— Не пора ли начинать? — осоловело пробубнил бухгалтер. — Жарко становится.
— Уже начали, — ответил Нуржан.
Зрители, сотен пять, не меньше, разместились на холмах, обступивших круглую ровную долину. И в долине этой появился одинокий всадник, древний седой старик. Он выехал на середину и замер в суровом, торжественном ожидании. Тогда из-за холмов показались всадники, много всадников, может быть, целая сотня. Полы их рубах и халатов были заткнуты в шаровары, а на головах, их толстые, на вате, тмаки, потому что они будут в схватке бить друг друга по голове камчой. Их кони шли медленным, танцующим шагом цирковых лошадей. Это стойкие и храбрые кони, чьи предки были любовно и разумно отобраны, поэтому мясо их жестко, жила туга, а сердце — как брус литого металла. Зрители встретили лихих жигитов воплями радости и нетерпения, гадая о возможном победителе.
А Нуржан не радовался. Его мучила не остывшая еще злость на жену, а также изжога от нелуженых котлов, из которых он поел бишбармаку. Он равнодушно, ввинтил в уголок губ папиросу и, поблескивая ледянисто стеклами очков, сказал:
— Футбол — это спорт, да! Бокс — тоже спорт. А камчами друг друга бить, конями друг друга топтать — какой это спорт, э? А-азья!

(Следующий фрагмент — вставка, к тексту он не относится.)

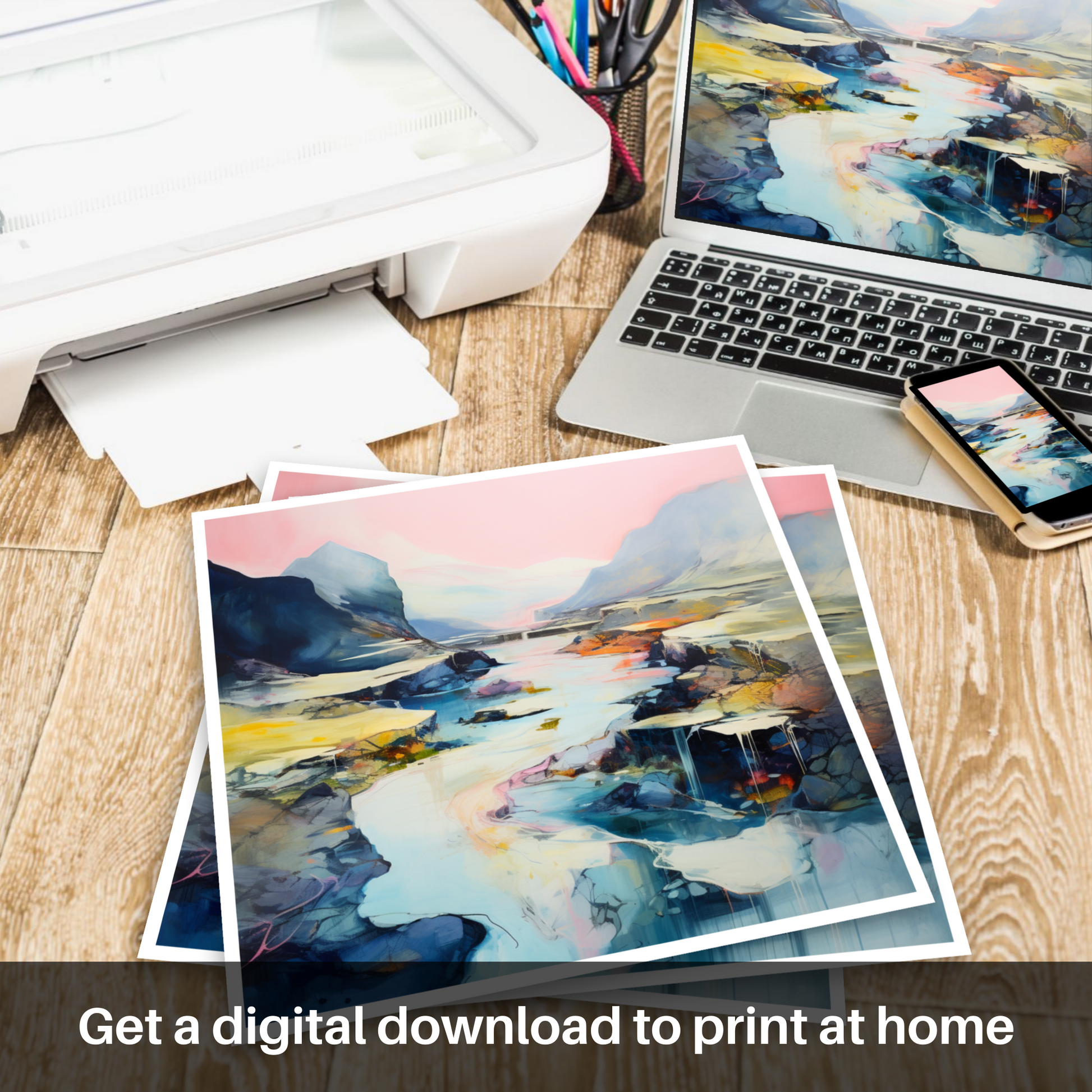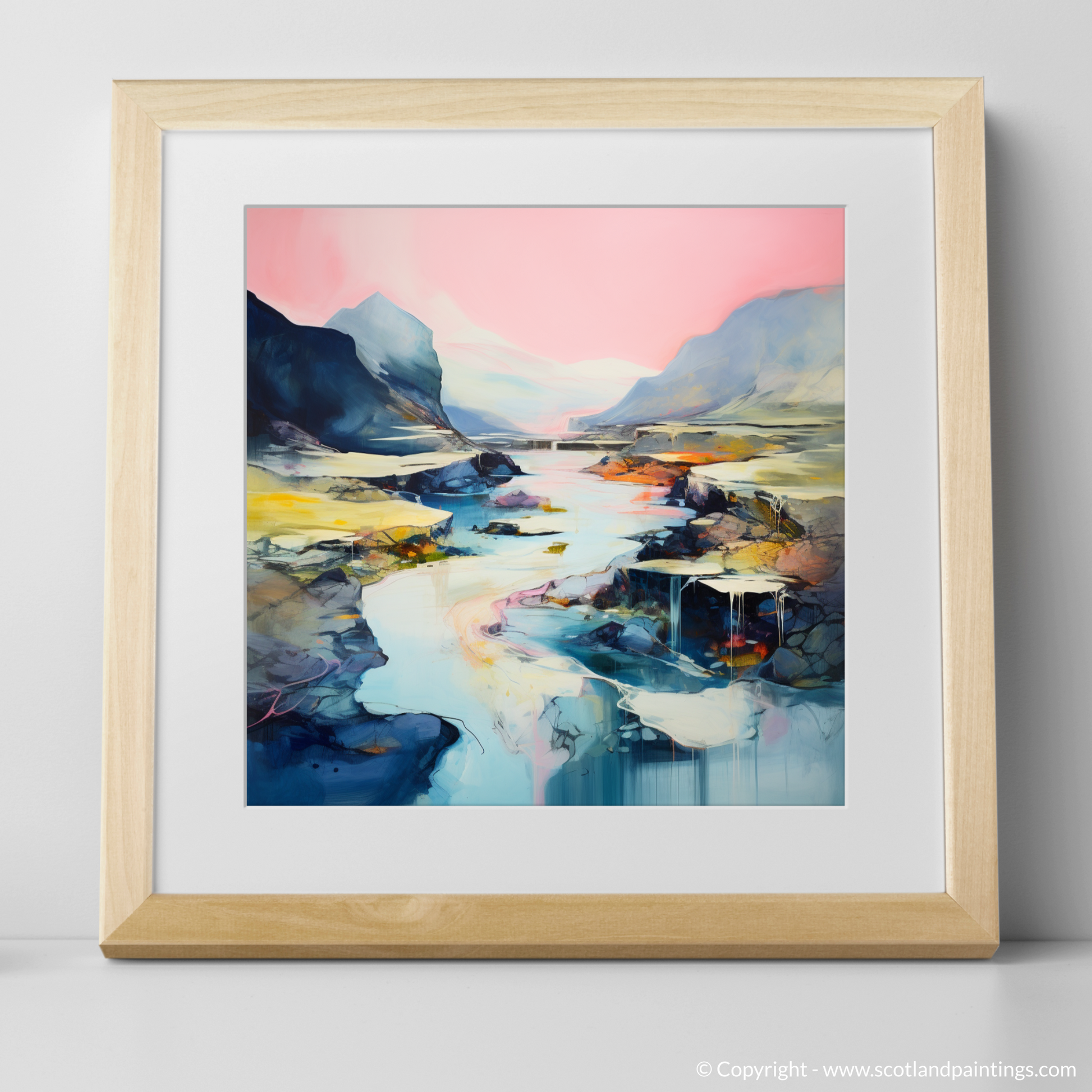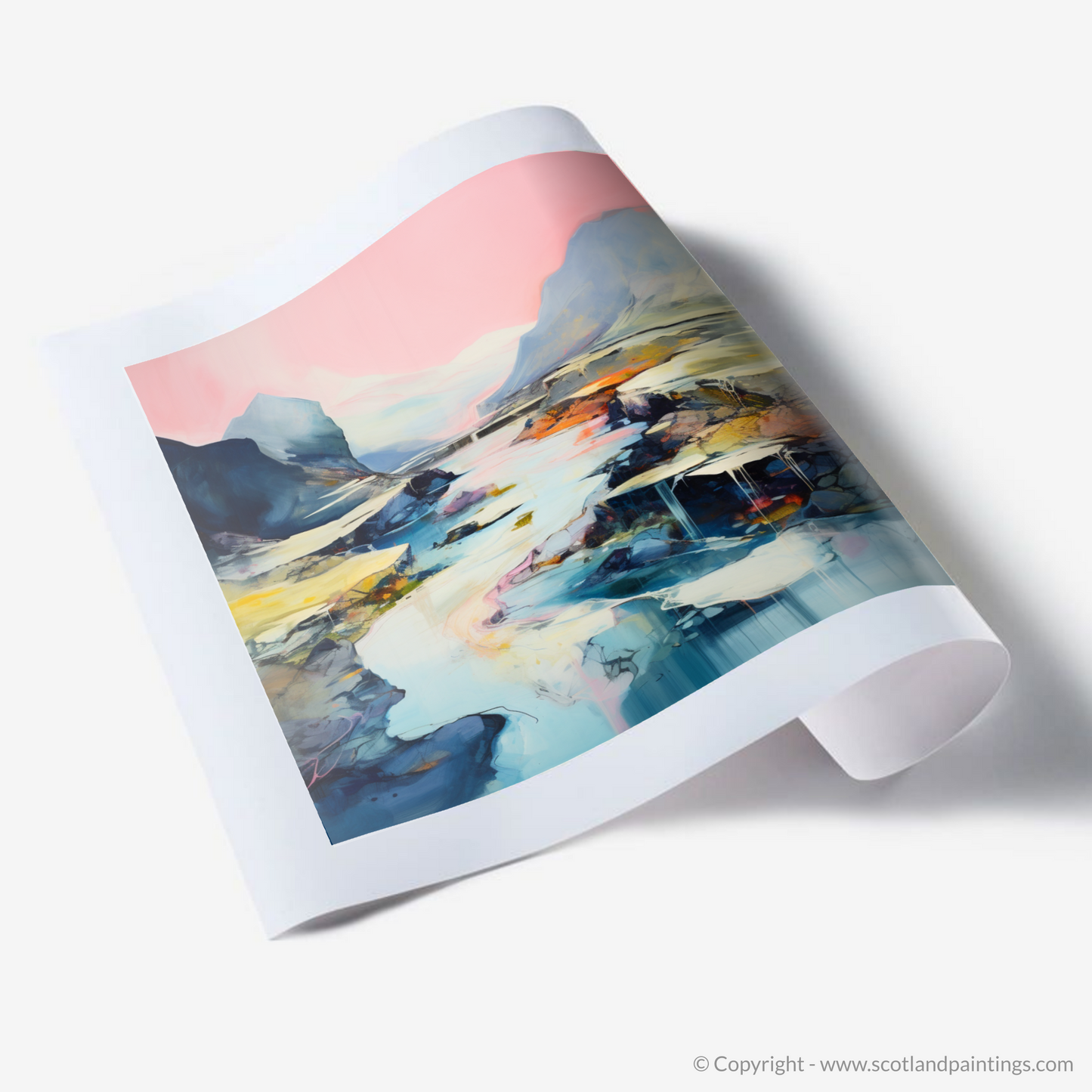 Capturing the ethereal beauty of the Isle of Skye's Fairy Pools at the enchanting hour of dusk, this abstract print pulsates with the vibrant life and mystical allure of a Scottish summer. Swathes of bold pinks and serene blues paint a vivid sky, mirroring the tranquil yet dynamic waters below. The pools, rendered in a synthesis of aqua and sapphire hues, meander through a landscape of golden yellows and rich umbers, a tapestry of colour that echoes the rugged terrain of the Highlands.

— Живая смерть, чего и толковать! — весело согласился бухгалтер.
А старый Байжанов разочарованно вздохнул, ибо он терял всякую надежду. Он привел на кокпары жеребца огненно-рыжей масти. Жеребец стоял под седлом и в уздечке, выложенной бирюзой, у подножья холма. Огненно-рыжий жеребец не годен ни для какой работы. Из него сделали зверя, его долго держали в темноте, и он сейчас как бешеный, он в ярости от света, от криков, от ржанья лошадей в долине. Это настоящий Тулпар. Но, взглянув, на сына, на его бледные, без загара руки, на его нежно-сметанное лицо, на его очки, старший Байжанов вздохнул: «Нет, не поскачет!..»

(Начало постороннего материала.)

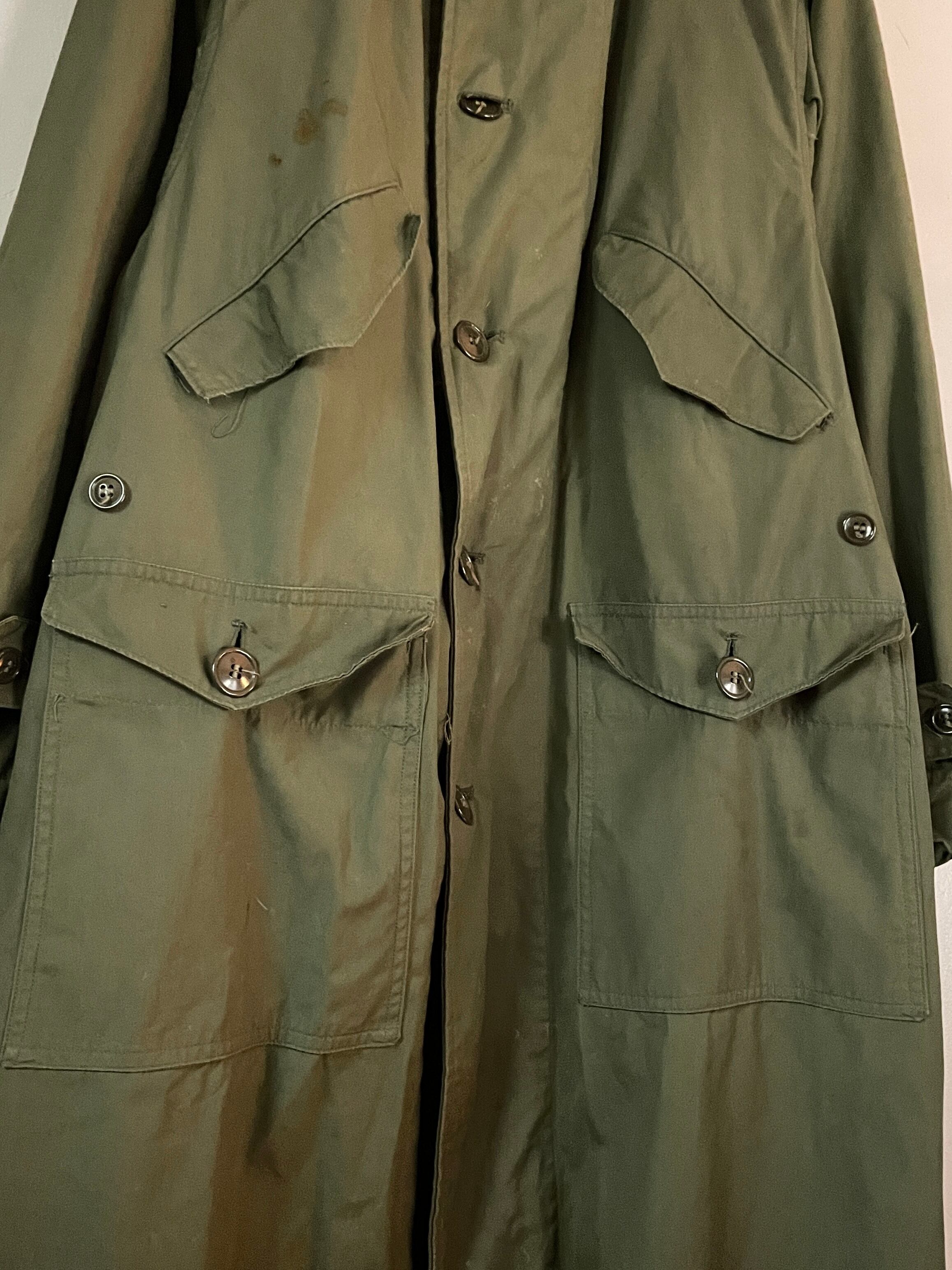 モッズコートの呼び名で知られるM-51やM-65の前身にあたる、M-47フィールドパーカー。ウエスト部分にベルトが付くU.S.Armyのものではなく、ボタンによるアジャスターが付いたUSMC(アメリカ海兵隊)のモデルです。特徴的な前ポケットのデザインで、フードが一体型になったディテール。本来ライナーが装備されているのですが、こちらは欠損しています。この年代のものにしては全体的なコンディションは良好、貴重なヴィンテージアイテムです。

Всадники собрались вокруг старика, и он ведет их пестрый отряд к бывшему минарету — лестнице и площадке, прибитым к дереву. С этой трибуны в дни пролетарских праздников летят на головы жаманжольцев речи волостных вождей, а сейчас полетит на головы всадников лак — зарезанный, но еще извивающийся в последних биениях жизни козел. И тот, кто, схватив тушку, сумеет пробиться с нею, не отдав ее другому, к белой кошме судей — тот выиграл. Зрители стихают, потому что приблизился драматический момент, главная партия игры, а всадники берут камчи в зубы, освобождая руки. Всадники сдержанно-спокойны, они — сгусток охотничьего терпения. Но неспокойны их кони. Скакуны сотрясаются, как заведенные моторы, еще до скачки покрываясь горячей нетерпеливой пеной.
И вот с трибуны, раскачав, бросают зарезанного козла вниз, на сотни ждущих рук.
Всадники сбиваются в мятущийся клубок, ближайшие хватают окровавленную тушку, а задние напирают на них со всей силой бешеных коней. Зрители начинают волноваться с первых секунд игры, ибо в козлодранье начальные минуты могут быть так же остры, как заключительные, даже обостреннее. Кони, пьяные от битвы, задирая вверх морды, воют, визжат страшными, нелошадиными голосами, по-звериному рвут тело врагов, а — люди, тоже исходя воем, дерутся, душат друг друга, хлещут камчами.
Грохот кокпары ударялся в холмы и отлетал грозным воинственным эхом. Клубок тесно сцепившихся коней и людей перекатывался с одного конца долины в другой. Из пыли выплескивались взмахи камчей, да позади клубка оставались лежать упавшие с коней и сбитые соперниками всадники с переломанными ногами, руками, ребрами и пробитыми черепами.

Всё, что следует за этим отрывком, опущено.